Таким образом, в 1930-е гг. в связи с фокстротом наблюдается характерное для сталинского времени явление культуры – ситуация «двойной жизни». Официально фокстрот не пропагандировался, напротив, на эстрадной сцене шли такие сатирические номера, как «Урок западных танцев» Л. Беркович – С. Ягодинского; интермедия «Лекция о западном танце» А. Бонди; эстрадный номер «На балу» Р. Зеленой и другие. Вместе с тем в неофициальной культуре фокстрот был модным и востребованным танцем, он пользовался чрезвычайной популярностью, о чем свидетельствует любопытный документ – «Список музыкальных произведений, разрешенных главным управлением по контролю за репертуаром и зрелищами к записи на грампластинках, с правом их повсеместного исполнения» 1937 г. Список этот отражает не столько социальный заказ на танцевальную музыку, сколько объективный потребительский спрос, показывающий реальную популярность танца. В списке – 204 музыкальных танцевальных произведения, жанр их указан. Из них 67 – это фокстроты, 21 вальс, 26 танго, 19 маршей, 13 румб, 4 лезгинки, 4 интермеццо. Остальные произведения, ввиду малочисленности, можно объединить в группы: по 3 танца – блюз, пасодобль и полька; по 2 – квикстеп, краковяк, мазурка, испанский танец; по 1 – болеро, венгерка, гопак, кавказский танец, матлот, па д’эспань, па-де-катр, па-де-патинер, рэгтайм, плясовая,
чардаш, яблочко, русско-славянский танец. По процентному соотношению танцевальных мелодий нетрудно убедиться, что фокстрот – абсолютный чемпион (34 %) танцплощадок 1930-х гг., он держит лидерство со значительным отрывом от остальных танцев, пользуясь большей популярностью, чем вальс (14 %) и танго (13 %), вместе взятые. А мелодии модных западнях танцев – фокстрота, танго и румбы – составляют в сумме 71 % от общего количества мелодий, из чего можно сделать вывод о том, что популярность этих танцев в 1937 г. превышала популярность всех остальных. При этом надо учитывать, что некоторые танцевальные жанры – к примеру, марш или лезгинка – пользовались в 1930-е гг. достаточно сильной идеологической поддержкой, но, несмотря на это, на порядок проигрывали фокстроту при тиражировании на грампластинках.

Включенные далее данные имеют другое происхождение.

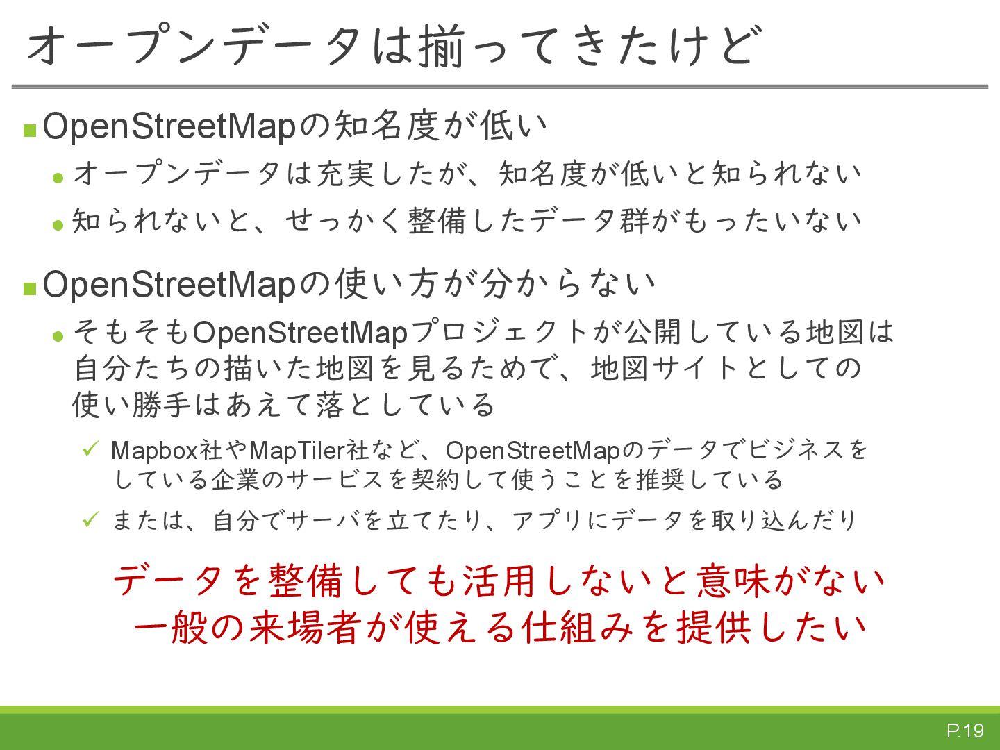 ⚫ そもそもOpenStreetMapプロジェクトが公開している地図は 自分たちの描いた地図を見るためで、地図サイトとしての 使い勝手はあえて落としている ✓ Mapbox社やMapTiler社など、OpenStreetMapのデータでビジネスを している企業のサービスを契約して使うことを推奨している ✓ または、自分でサーバを立てたり、アプリにデータを取り込んだり データを整備しても活用しないと意味がない 一般の来場者が使える仕組みを提供したい P.19
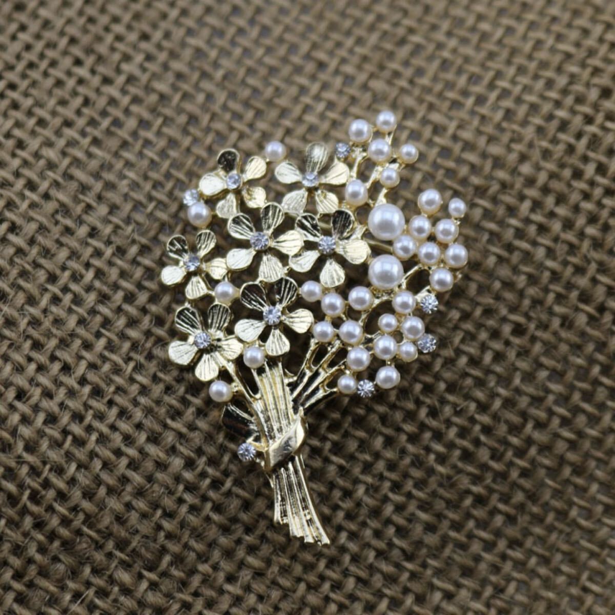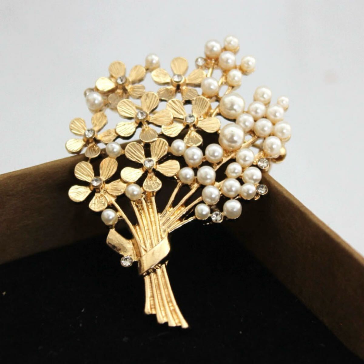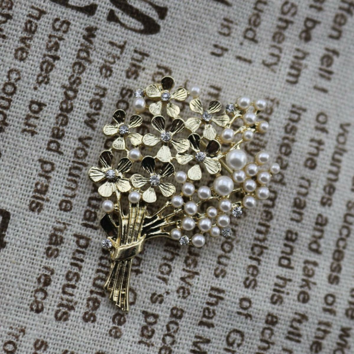 表面に溝加工を施したボタニカルフラワーと小粒パールを合わせたブーケブローチ。
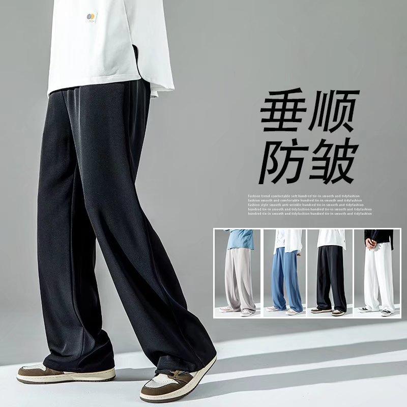 Ice pants men's loose straight vertical solid color simple youth casual trousers
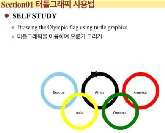 | [파이썬] 문제 : 터틀(turtle) 5개의 줄어드는 원 그리기 및 달팽이 모양 회전하기 (0) | 2023.05.17 |
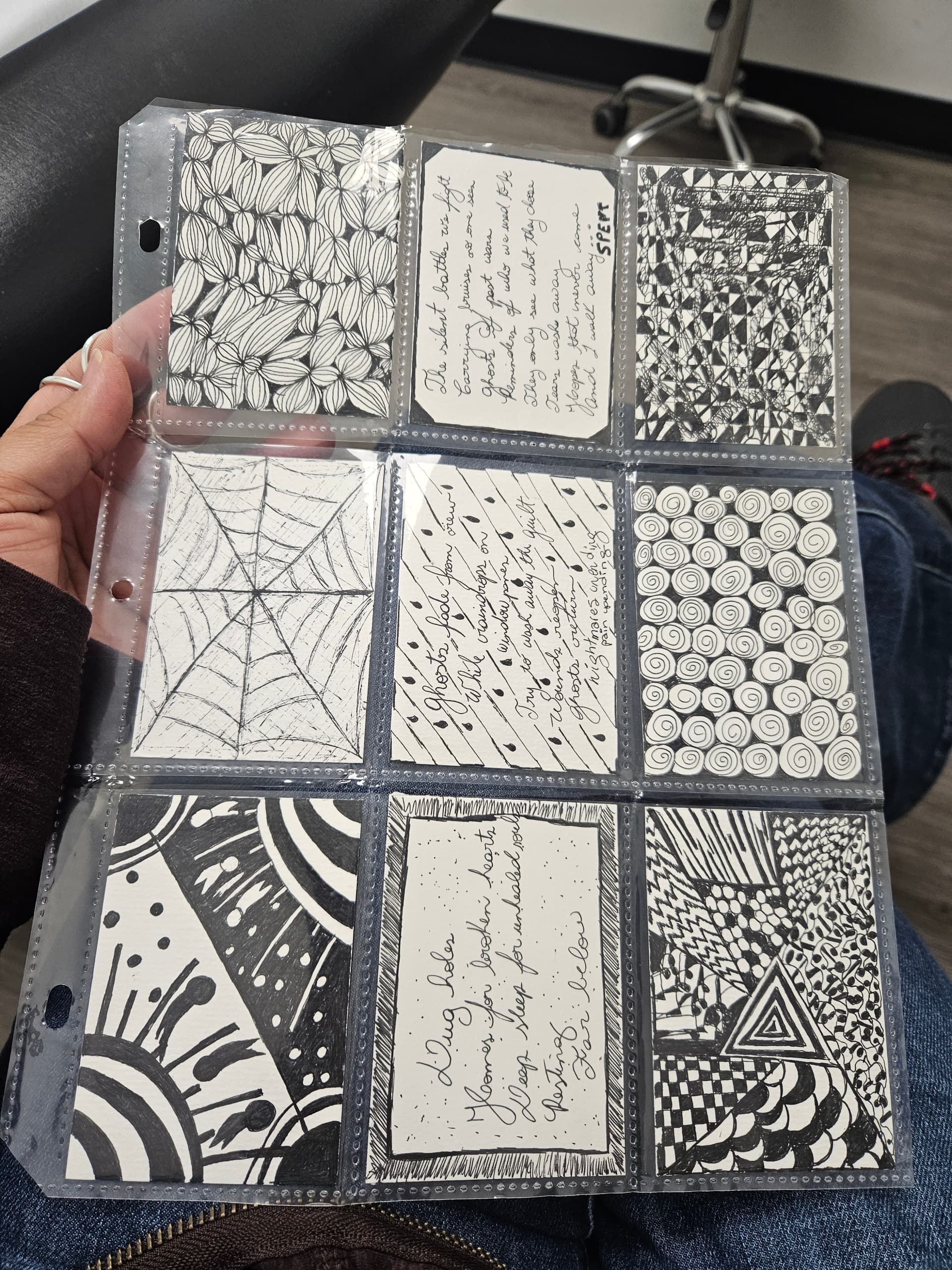 What an alternative way to express your art and emotions! I love black and white doodles. They are calming and put all together, they make a nice collection!
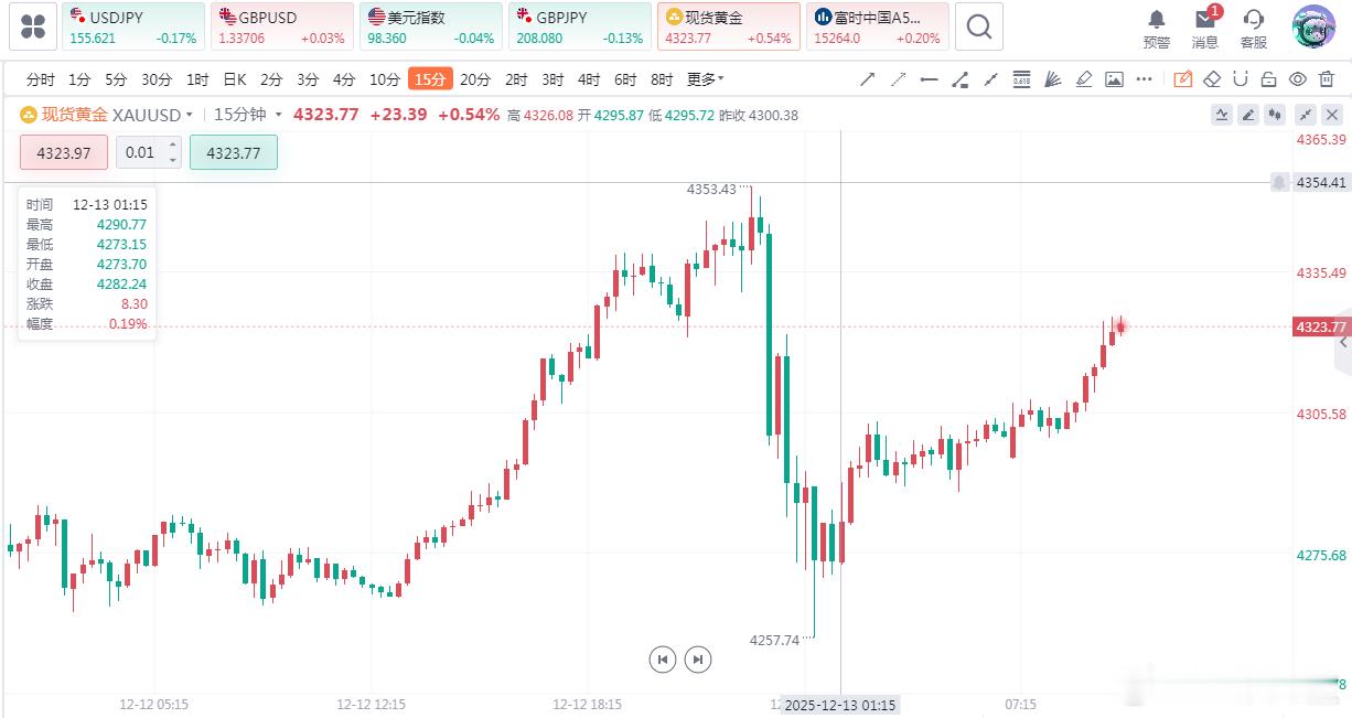 黄金上周五黄金在4352.76美元一线布局空单!4261美元一带做多布局多单4320早盘止盈!精准不精准大家自己看!黄金最高4353.49!最低回踩就是4257.2美元一线!目前黄金如期大涨4326.82美元一线再次大胜!上周五黄金走了一个先涨后跌,大起大落大震荡的行情走势,走势完全在分析把握当中!上周五黄金开盘在4279.7美元一线,早上黄金小幅回踩触及4264美元一线后企稳反弹!黄金亚欧盘直接开启大涨走势,美盘黄金进一步大涨最高触及到了4353.6美元一线,随后受阻大幅回落!尾盘黄金最低回落触及到了4257.2美元一线!精准不精准大家自己看!狙击手一样的操作再次展现!经典大家自己看!黄金尾盘最终收盘在4300.1美元一线,周线以一根上影线长于下影线的大阳线收线,而这样的形态收尾后,本周黄金周初主趋势依然看涨,需要警惕本周五日本加息黑天鹅!今天黄金回踩继续做多,下方支撑关注4290美元一线,上方关注4340/4155美元一线,具体操作点位以实时布局为准!
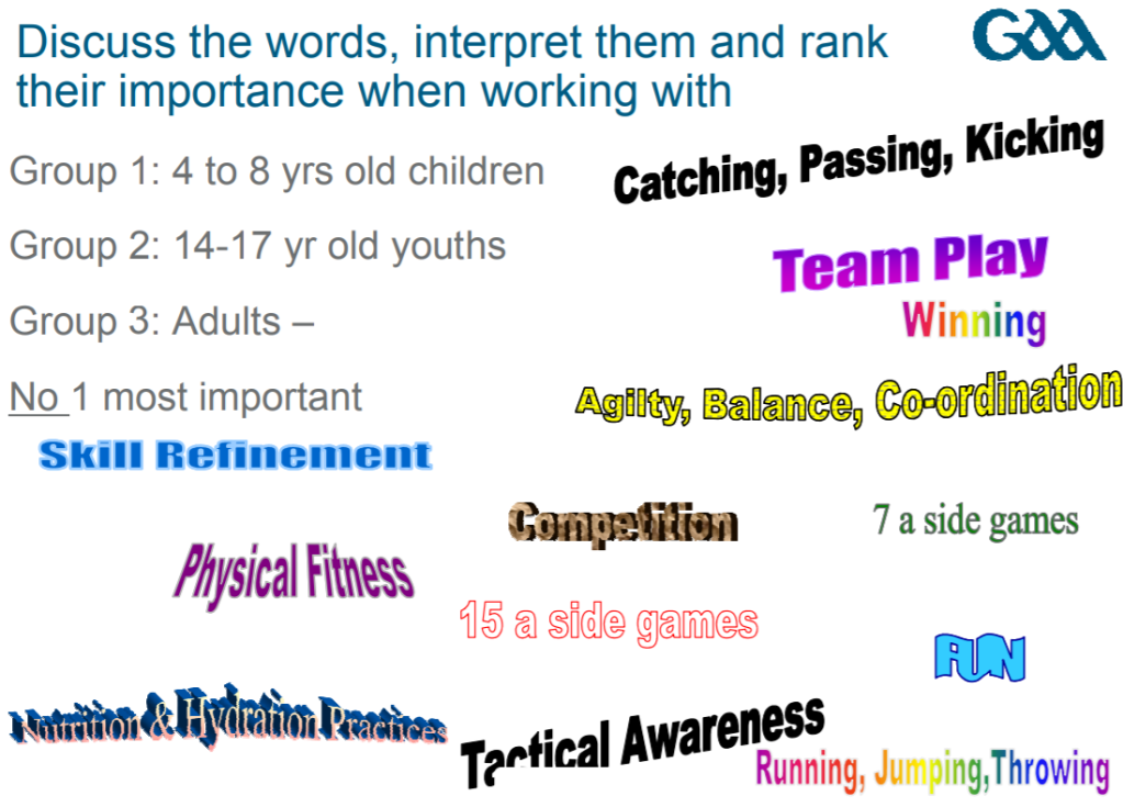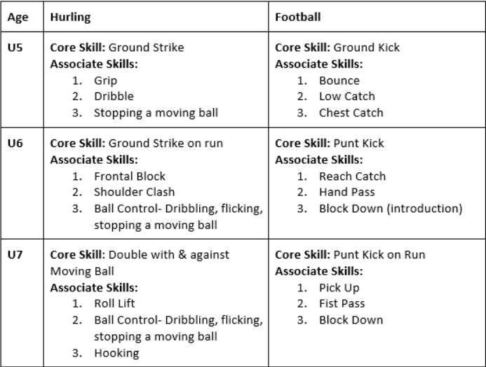 If a coach was to introduce 3 new skills, along with the Core skill each year, by the age of 10 a child would of been given an introduction to each skill needed to play Hurling and Football. It is also important to set a level of appropriate physical development program, be that Fundamental movement with the Nursery group or introduction to body weight exercises for older players, progressing onto weights further on.
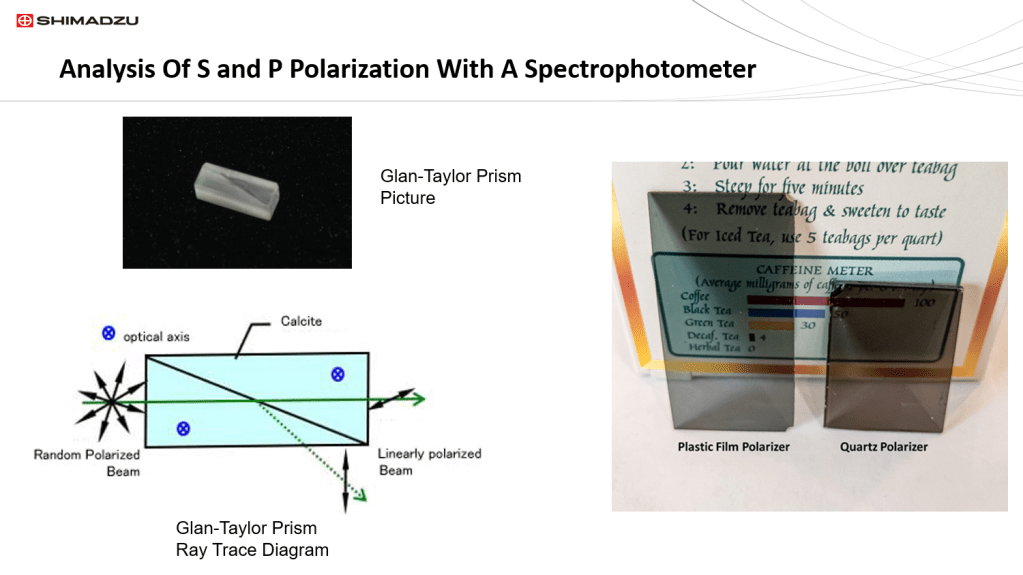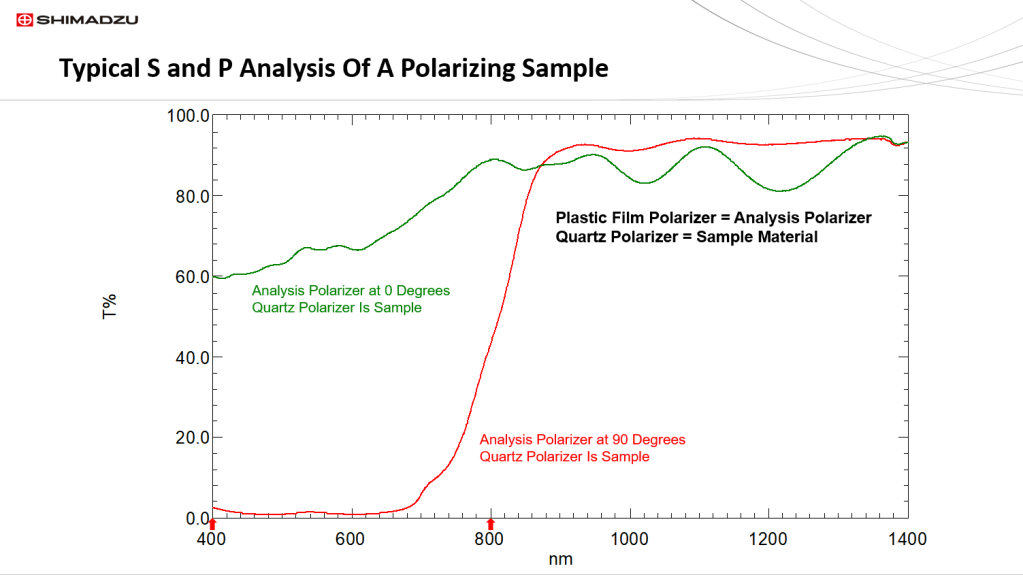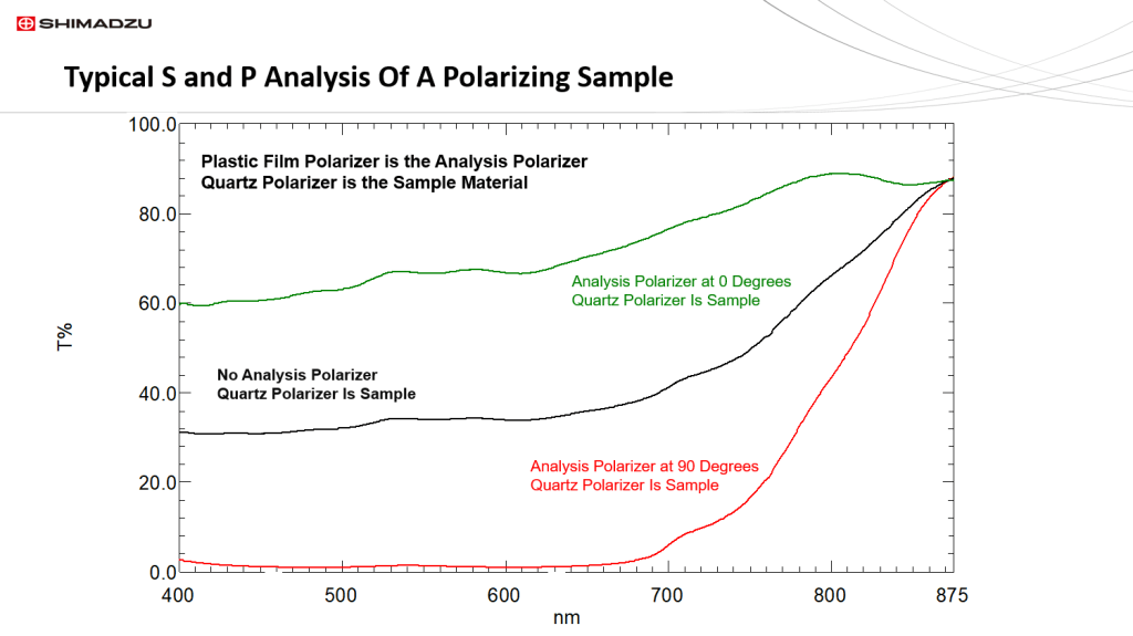 Polarization measurements along with polarization spectra are important applications for the materials characterization application area. In this short post we will discuss the methods used for generating S, P, and random polarization spectra on a typical UV/Vis/NIR spectrophotometer. The spectrophotometer employed in this study is a Shimadzu UV2600 fitted with a 60 mm integrating sphere. The sphere has both a PMT and InGaAs detector for a wavelength range of 200 nm to 1400 nm.
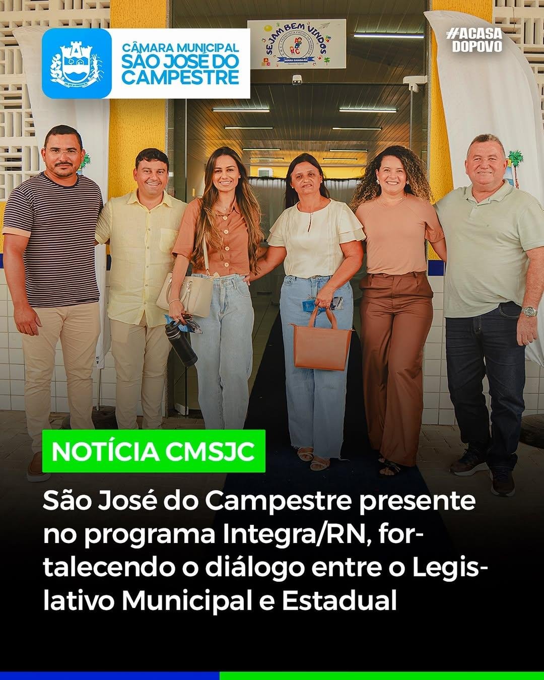 A Câmara Municipal de São José do Campestre marcou presença no Programa Integra/RN, promovido pela Assembleia Legislativa do Rio Grande do Norte, reforçando o compromisso com a integração e o fortalecimento dos poderes.
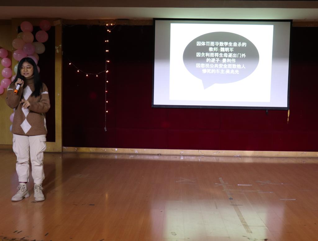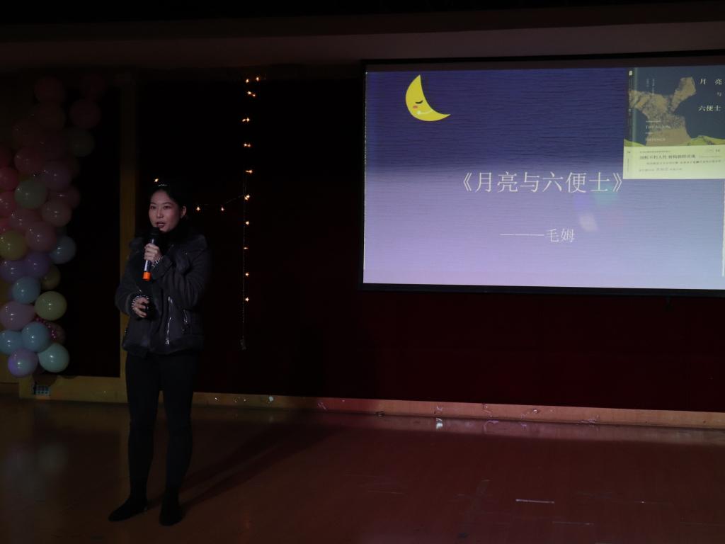 本次读书交流分享大会以演讲为主、PPT演示为辅的方式进行。本次大会交流的书籍不仅有独特的《月亮与六便士》、浪漫自在的《仓央嘉措诗选》,还有被重新解读的《西游记》和体现国民情怀的《周恩来——永远的榜样》。除此之外,《民国风度》让我们了解到那些被我们遗忘的人以及遗忘的精神;《菊与刀》让我们意识到道德约束力来自外界,而非自身;《心理罪——城市之光》让我们自省,明白了舆论对社会的危害;《外婆的道歉信》让我们热爱故事、热爱生活,一本本经典名著的解读带给全体同学极致的视听盛宴。在读书交流的期间,本次活动还进行了“人物在书中”以及“知识竞赛”的游戏环节,提高了同学们的积极性,增加了本次活动的趣味。在活动最后,由宣传部(记者团)分管副书记刘琰皎以及素拓部分管副书记邓春玲为书籍分享者们颁奖。

Таким образом, судьбы фокстрота тесно связаны с особенностями развития советской культуры 1920–1930-х гг. На первом этапе бытования танца (1920–1922 гг.) он был воспринят авангардисткой советской хореографией как интересная новинка и в этом качестве пользовался большой популярностью на театральной и эстрадной сценах. На втором этапе (1923 – 1926 гг.) танец был квалифицирован идеологами Пролеткульта как часть буржуазной идеологии, против него была развернута мощнейшая идеологическая кампания. На третьем (1927–1931 гг.) фокстрот в сатирической, пародийной форме постепенно усваивался советской культурой. И, наконец, на четвертом этапе (1932–1941) танец получил легализацию в идеологизированной тоталитарной культуре, однако сферой его обитания в сталинскую эпоху стала не официальная культура, а ресторанная, парковая, курортная субкультуры.
Алякринская М.А. Танец и идеология: фокстрот в советской культуре 1920 – 1930-х годов. // Вестник Санкт-Петербургского государственного университета культуры и искусств. 2012. № 3. С. 24-30.